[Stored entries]
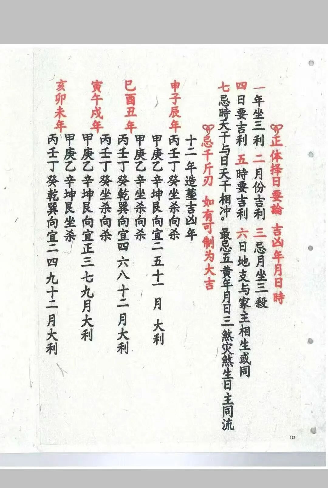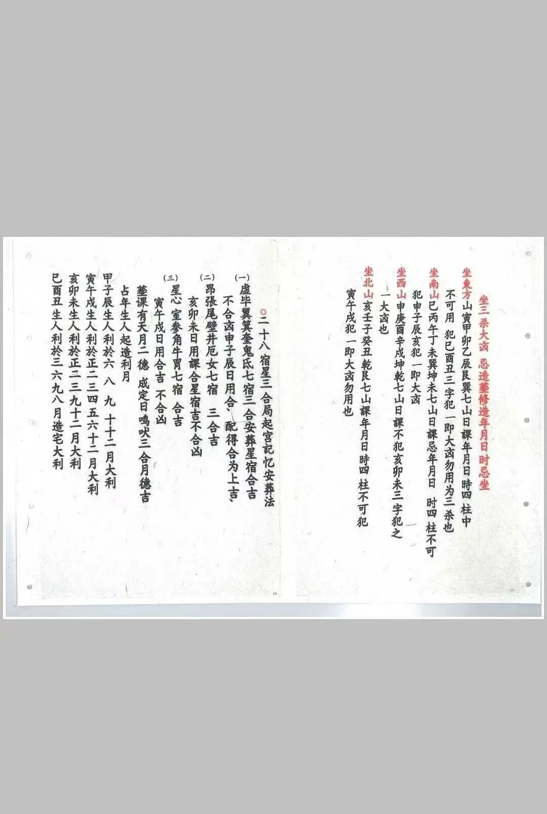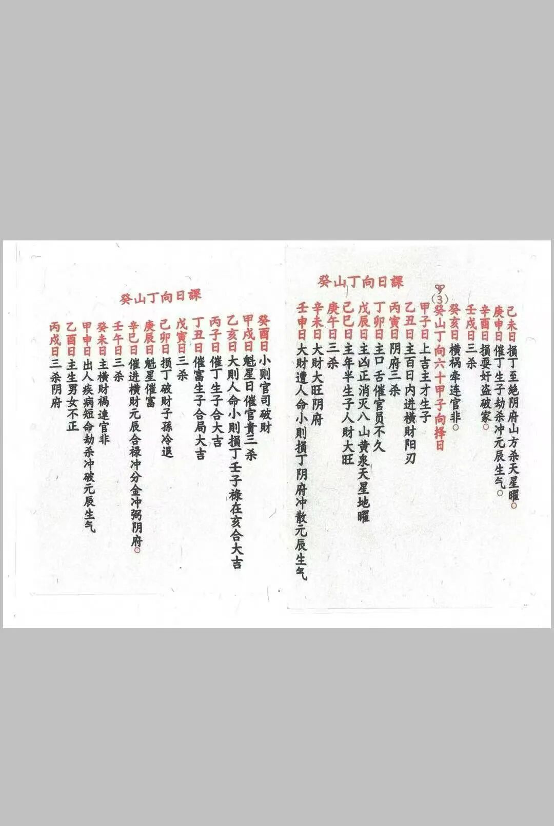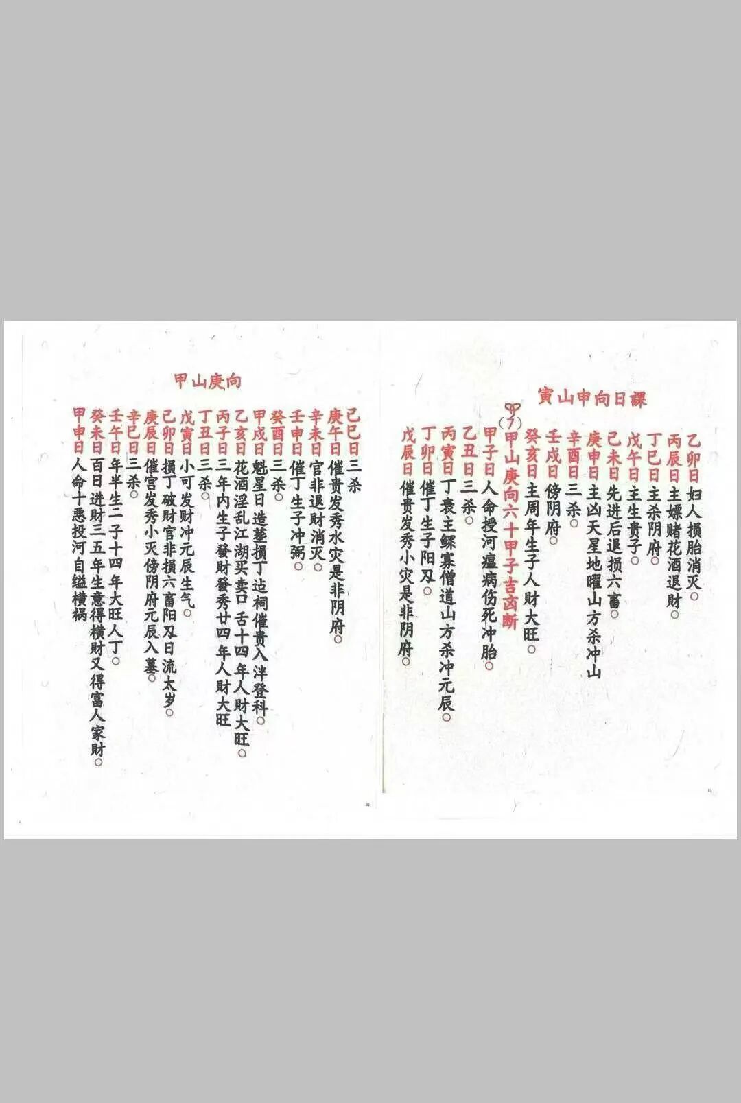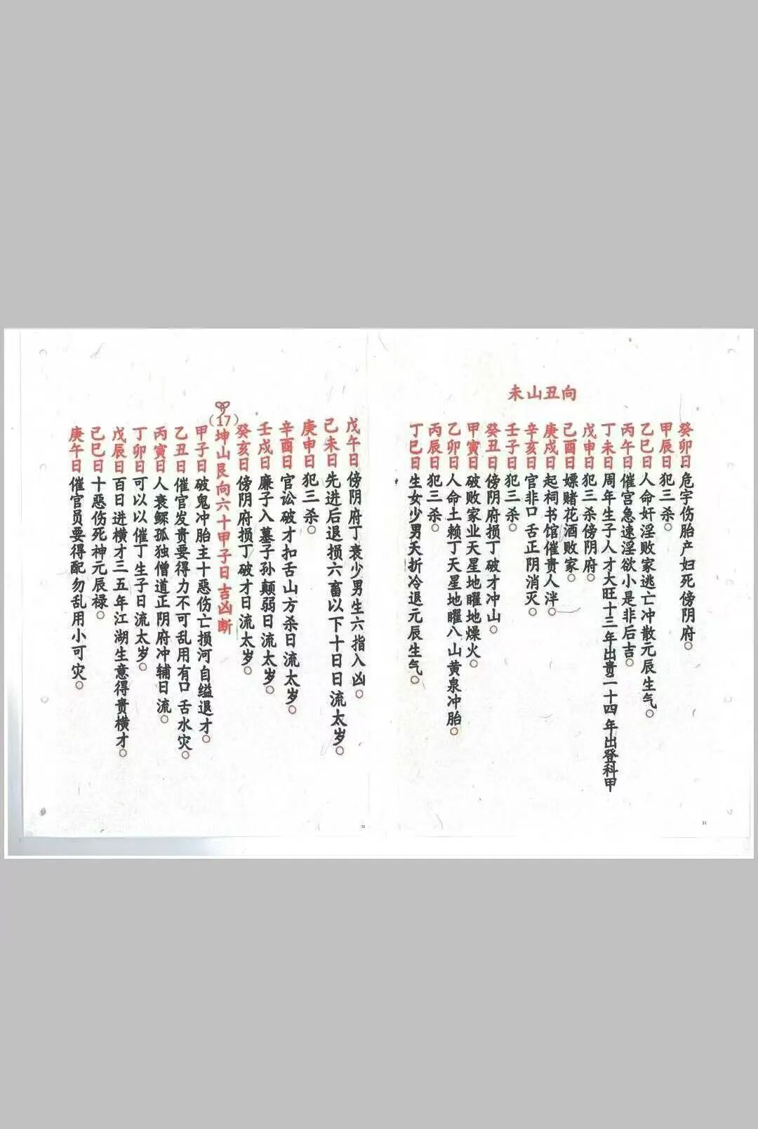 六十甲子日吉凶断决,以六十甲子干支生克、纳音五行为核心,将六十甲子与二十四山向精准匹配,逐年、逐山向判定吉凶,明确不同甲子日的适宜安葬方位、禁忌事项,同时结合三元九运时空能量规律,推演地气旺衰周期,助力精准判断吉凶走向,破解“冲煞”“犯忌”等安葬隐患,与传统风水“干支动态平衡”的择吉理念一脉相承;安葬吉凶日课,详细收录安葬择日的核心准则、仪轨流程,涵盖择日宜忌、谢土仪式、避煞方法等,兼顾仙命与山向的五行匹配,适配不同地域、不同习俗的安葬需求,彰显“慎终追远、趋吉避凶”的传统民俗智慧。
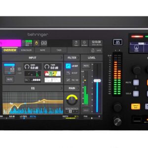 Mezcladora digital de 3 unidades de rack, 40 entradas y 25 buses, 16 preamps MIDAS programables, interface USB 2.0 de 32×32, apps para iPad/iPhone para operación remota profesional, 8 salidas XLR más 6 entradas/salidas adicionales, conector de audífonos y una sección mic talkback con entrada XLR para micrófono, TFT de color de alta resolución de 5” pulgadas con visibilidad durante el día para facilitar los ajustes de los parámetros del flujo de trabajo, MCR principal, 6 buses de matriz y 16 buses de mezcla con insertos, ecualizadores paramétricos de 6 bandas y procesamiento dinámico completo además de 8 grupos DCA y 6 mute, virtual FX rack con 8 slots FX true-stereo que incluyen simulaciones de gama alta como Lexicon 480L y PCM70, EMT250 y Quantec QRS, DSP de punto flotante de 40 bits que ofrece rango dinámico ilimitado sin sobrecarga interna y latencia total cercana acero (0.8 ms), potente gestión de escenas para manejar cómodamente producciones complejas, puertos AES50 de 48 canales Digital Snake Ready con capacidad de red SuperMAC de Klark Teknik para jitter y latencia ultra baja, conector USB tipo A que proporciona almacenamiento de archivos y grabaciones estéreo sin comprimir, además de preajustes de presentación y actualizaciones del sistema, conectividad ULTRANET para sistema de monitoreo personal P-16 de Behringer, control remoto en red por medio de Ethernet para configuraciones de show con editor de software en pantalla, puerto de expansión integrado para tarjetas de interfaz de audio o puentes de redes digitales, MIDI In/Out para la recuperación remota de escenas o el control de otros equipos MIDI, futuras actualizaciones de firmware que incluyen nuevos plugins de FX, descargables desde la página de behringer.com, dimensiones: 132 x 483 x 287 mm, peso: 6.5 kg.
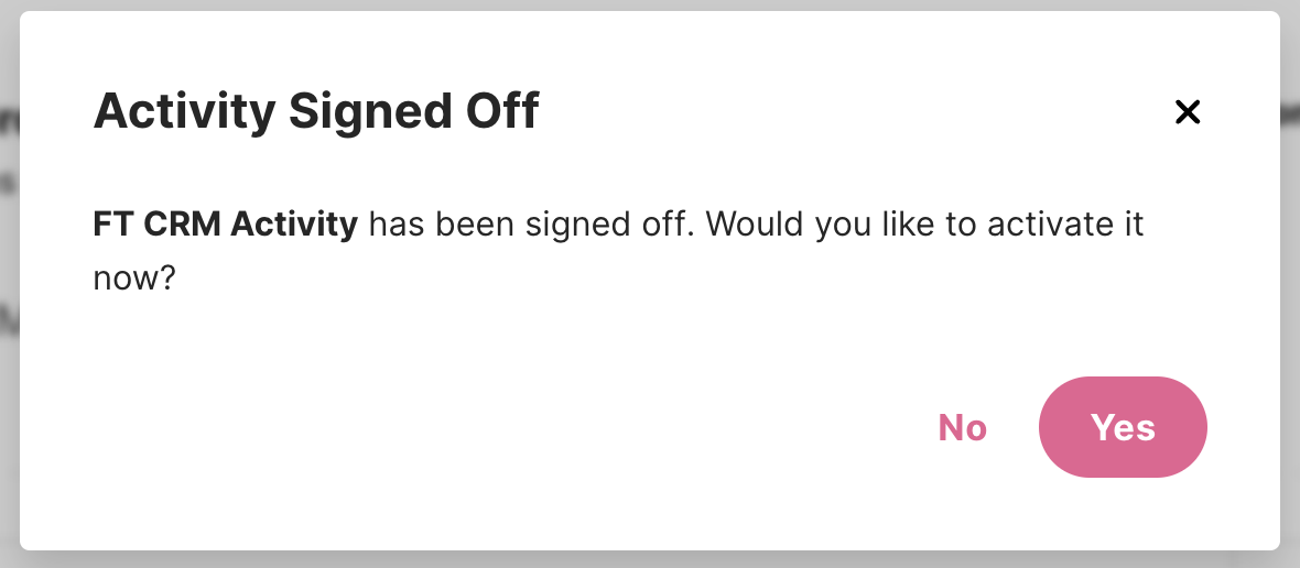 - Elegir aprobar una Actividad pero no activarla en este momento. La Actividad puede ser habilitado más tarde. Esto podría ser útil en caso de que la persona que hace la QA no sea el mismo miembro del equipo que necesita habilitar la Actividad.
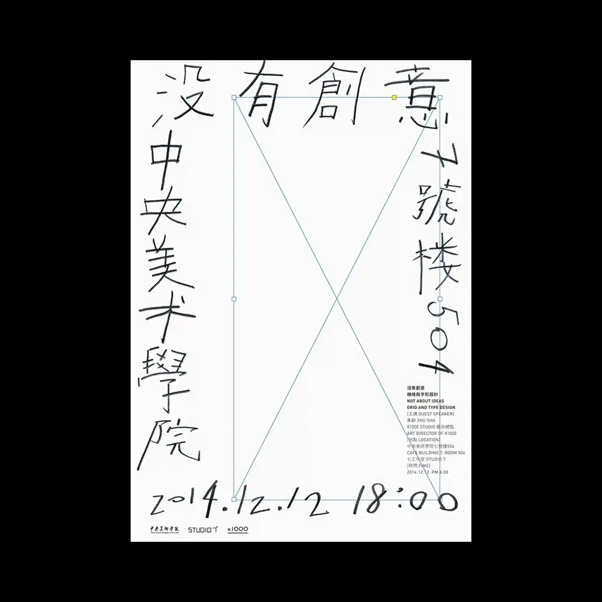 Handwritten-style typography surrounds a central rectangular frame, with lines crossing diagonally through its interior. The irregular strokes contrast with the rigid geometric frame, creating a tension between spontaneity and structure. Additional small typographic details are aligned to one side, maintaining balance within the asymmetrical layout. The composition merges informal mark-making with precise alignment.
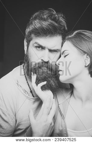 Fashion Shot Of Couple After Haircut Hairstyle Concept Woman On
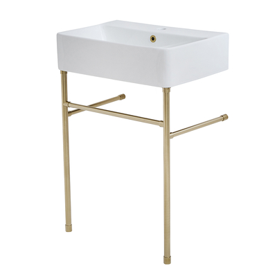 Transformez votre salle de bain et créez-y un look contemporain et élégant avec le lavabo sur pieds or satiné Exton de 60 cm par 42 cm.. Ces pieds minimalistes et épurés renforceront le look moderne de votre salle de bain. Ils sont dotés d’une finition résistante et fabriqués en acier inoxydable durable. La barre porte-serviettes intégrée vous offre un moyen pratique et élégant de garder vos serviettes à portée de main. Le lavabo offre beaucoup d’espace pour se laver et présente un style tendance. Fabriqué en céramique résistante, il est doté d’une finition blanche émaillée, facile à nettoyer. Il est fourni pré-percé d’un seul trou pour la robinetterie, parfait pour une utilisation avec l’un de nos mitigeurs pour lavabo monotrou. Associez-le à d’autres articles de la collection Exton pour un look harmonieux et ultra-moderne dans votre salle de bain. Caractéristiques: Dimensions: l. 60 cm x L 42 cm x H 85 cm Design moderne – parfait pour les salles de bain contemporaines Barre porte-serviett...

What the task requires: Omit the pictures and set down the records exactly.

Completed exercise:
 六十甲子日吉凶断决,以六十甲子干支生克、纳音五行为核心,将六十甲子与二十四山向精准匹配,逐年、逐山向判定吉凶,明确不同甲子日的适宜安葬方位、禁忌事项,同时结合三元九运时空能量规律,推演地气旺衰周期,助力精准判断吉凶走向,破解“冲煞”“犯忌”等安葬隐患,与传统风水“干支动态平衡”的择吉理念一脉相承;安葬吉凶日课,详细收录安葬择日的核心准则、仪轨流程,涵盖择日宜忌、谢土仪式、避煞方法等,兼顾仙命与山向的五行匹配,适配不同地域、不同习俗的安葬需求,彰显“慎终追远、趋吉避凶”的传统民俗智慧。
 Mezcladora digital de 3 unidades de rack, 40 entradas y 25 buses, 16 preamps MIDAS programables, interface USB 2.0 de 32×32, apps para iPad/iPhone para operación remota profesional, 8 salidas XLR más 6 entradas/salidas adicionales, conector de audífonos y una sección mic talkback con entrada XLR para micrófono, TFT de color de alta resolución de 5” pulgadas con visibilidad durante el día para facilitar los ajustes de los parámetros del flujo de trabajo, MCR principal, 6 buses de matriz y 16 buses de mezcla con insertos, ecualizadores paramétricos de 6 bandas y procesamiento dinámico completo además de 8 grupos DCA y 6 mute, virtual FX rack con 8 slots FX true-stereo que incluyen simulaciones de gama alta como Lexicon 480L y PCM70, EMT250 y Quantec QRS, DSP de punto flotante de 40 bits que ofrece rango dinámico ilimitado sin sobrecarga interna y latencia total cercana acero (0.8 ms), potente gestión de escenas para manejar cómodamente producciones complejas, puertos AES50 de 48 canales Digital Snake Ready con capacidad de red SuperMAC de Klark Teknik para jitter y latencia ultra baja, conector USB tipo A que proporciona almacenamiento de archivos y grabaciones estéreo sin comprimir, además de preajustes de presentación y actualizaciones del sistema, conectividad ULTRANET para sistema de monitoreo personal P-16 de Behringer, control remoto en red por medio de Ethernet para configuraciones de show con editor de software en pantalla, puerto de expansión integrado para tarjetas de interfaz de audio o puentes de redes digitales, MIDI In/Out para la recuperación remota de escenas o el control de otros equipos MIDI, futuras actualizaciones de firmware que incluyen nuevos plugins de FX, descargables desde la página de behringer.com, dimensiones: 132 x 483 x 287 mm, peso: 6.5 kg.
 - Elegir aprobar una Actividad pero no activarla en este momento. La Actividad puede ser habilitado más tarde. Esto podría ser útil en caso de que la persona que hace la QA no sea el mismo miembro del equipo que necesita habilitar la Actividad.
 Handwritten-style typography surrounds a central rectangular frame, with lines crossing diagonally through its interior. The irregular strokes contrast with the rigid geometric frame, creating a tension between spontaneity and structure. Additional small typographic details are aligned to one side, maintaining balance within the asymmetrical layout. The composition merges informal mark-making with precise alignment.
 Fashion Shot Of Couple After Haircut Hairstyle Concept Woman On
 Transformez votre salle de bain et créez-y un look contemporain et élégant avec le lavabo sur pieds or satiné Exton de 60 cm par 42 cm.. Ces pieds minimalistes et épurés renforceront le look moderne de votre salle de bain. Ils sont dotés d’une finition résistante et fabriqués en acier inoxydable durable. La barre porte-serviettes intégrée vous offre un moyen pratique et élégant de garder vos serviettes à portée de main. Le lavabo offre beaucoup d’espace pour se laver et présente un style tendance. Fabriqué en céramique résistante, il est doté d’une finition blanche émaillée, facile à nettoyer. Il est fourni pré-percé d’un seul trou pour la robinetterie, parfait pour une utilisation avec l’un de nos mitigeurs pour lavabo monotrou. Associez-le à d’autres articles de la collection Exton pour un look harmonieux et ultra-moderne dans votre salle de bain. Caractéristiques: Dimensions: l. 60 cm x L 42 cm x H 85 cm Design moderne – parfait pour les salles de bain contemporaines Barre porte-serviett...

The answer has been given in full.